As denúncias de abusos podem ser feitas por meio do Disque Direitos Humanos, o Disque 100, que funciona 24 horas por dia, inclusive nos finais de semana e feriados. O atendimento desse tipo de denúncia ocorre também pelo whatsapp, no número: 61-99656-5008, ou pelo próprio aplicativo dos Direitos Humanos Brasil. 

Thays Gondim afirma que o papel do advogado também é muito importante para a garantia dos direitos da pessoa idosa, para ajudá-la no acesso a benefícios e outros processos legais com mais segurança. “O advogado na vida do idoso é mais que necessário, mas é importante que se tenha contato com um advogado da sua confiança, sempre fazemos essa orientação. Que seja alguém que você já sabe a procedência como advogado. Eles podem também procurar a defensoria pública, porque é um serviço oferecido gratuitamente, ou procurar os núcleos de práticas jurídicas das faculdades”, explica.  

Vida ativa 

Muitas pessoas que passam a maior parte da vida trabalhando e realizando diversos tipos de atividades, quando chegam a uma faixa etária em que são consideradas como idosas, desejam continuar em atividade. Também é um direito da pessoa idosa continuar trabalhando, principalmente se for em algo que a faz bem. Zoraide Leoni de 82 anos faz bordados desde os sete anos de idade. Logo quando começou faze-los, ela começou também a vendê-los, enxergando uma possibilidade de renda utilizando algo que já gostava de fazer.     

Assim como com os bordados, Zoraide Leoni também passou a pintar em tecidos e telas. “Eu não tomei curso [De pintura em tecido], já em tela, eu fiz algumas aulas com Rominho, inclusive tenho telas pintadas aqui na minha casa. Eu faço porque gosto, até hoje ainda faço umas pinturinhas”, conta. Já na idade adulta, mesmo já tendo habilidades com diferentes tipos de bordados, ela também fez curso com uma professora  do Instituto Mauá, localizado em Salvador, para que pudesse ter uma certificação na área, o que ajudou a continuar vendendo seus trabalhos. 

Seu contato com a arte veio por meio da pintura, costura e artesanato que, além de fazer para fora, ainda trabalha em artigos para sua própria casa. Na maioria das datas comemorativas, Zoraide confecciona enfeites para a casa, além de se dedicar a construção de toda estrutura para o presépio no Natal, uma série de enfeites para as paredes e arranjos para as mesas.   

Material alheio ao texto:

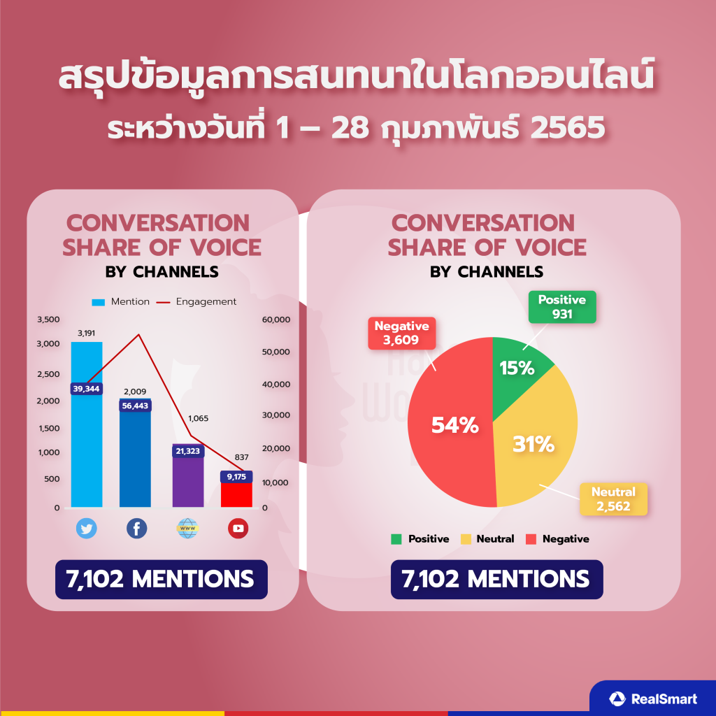 เริ่มต้นกันที่ Timeline ระหว่างวันที่ 1 – 28 กุมภาพันธ์ 2565 ซึ่ง Real Smart ได้แบ่งข้อมูลออกเป็น Engagement และ Mention รวมถึงแบ่งออกเป็นช่องทางต่าง ๆ โดยที่ Twitter นำมาเป็นอันดับที่ 1 ตามมาด้วย Facebook เป็นอันดับ 2 ส่วนอันดับ 3 เป็น Website และ 4 คือ YouTube

Zoraide afirma que continua vendendo os itens que ela mesma borda ou costura. “Ainda faço trabalhos para vender, apesar da idade, a gente fica fraca.” Por conta de problemas na visão e um acidente que a deixou com dificuldades de locomoção, ela diz que acaba sendo mais difícil, mas não deixa de trabalhar nos bordados. “O bordado é o meu forte, sempre bordei, e não vou deixar de bordar”, conta. Zoraide continua mantendo uma vida ativa, colocando o bordado que tanto gosta de fazer em toalhas, colchas de cama, panos de prato e outros produtos que são apreciados pelas pessoas.  Por meio de seu trabalho, durante a vida também desenvolveu grande empatia e respeito pelos idosos com que também já teve oportunidades de trabalhar e conviver.

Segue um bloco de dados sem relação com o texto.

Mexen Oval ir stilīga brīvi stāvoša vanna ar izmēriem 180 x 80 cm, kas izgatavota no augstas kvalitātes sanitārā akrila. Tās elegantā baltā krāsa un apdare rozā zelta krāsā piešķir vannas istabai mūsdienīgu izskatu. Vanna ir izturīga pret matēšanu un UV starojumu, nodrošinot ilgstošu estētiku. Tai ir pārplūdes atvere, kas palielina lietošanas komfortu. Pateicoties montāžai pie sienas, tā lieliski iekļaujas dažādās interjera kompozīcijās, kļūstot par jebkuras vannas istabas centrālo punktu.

Assim como Zoraide, Thays Gondim, também compartilha um carinho e admiração que possui pelas pessoas idosas. “Os idosos são o passado vivo, são a sabedoria em pessoa, são pessoas que acompanharam tantas transformações no mundo que guardam histórias incríveis e marcantes, que adoram contar sobre a experiência de vida. Como é bom sentar com esses idosos, ouvir suas histórias, ver como eles foram resilientes, mesmo com tantas mudanças seguem firmes felizes nos mostrando como a vida é boa. O nosso papel é protegê-los da maldade do homem, e da falta de conhecimento”, declara.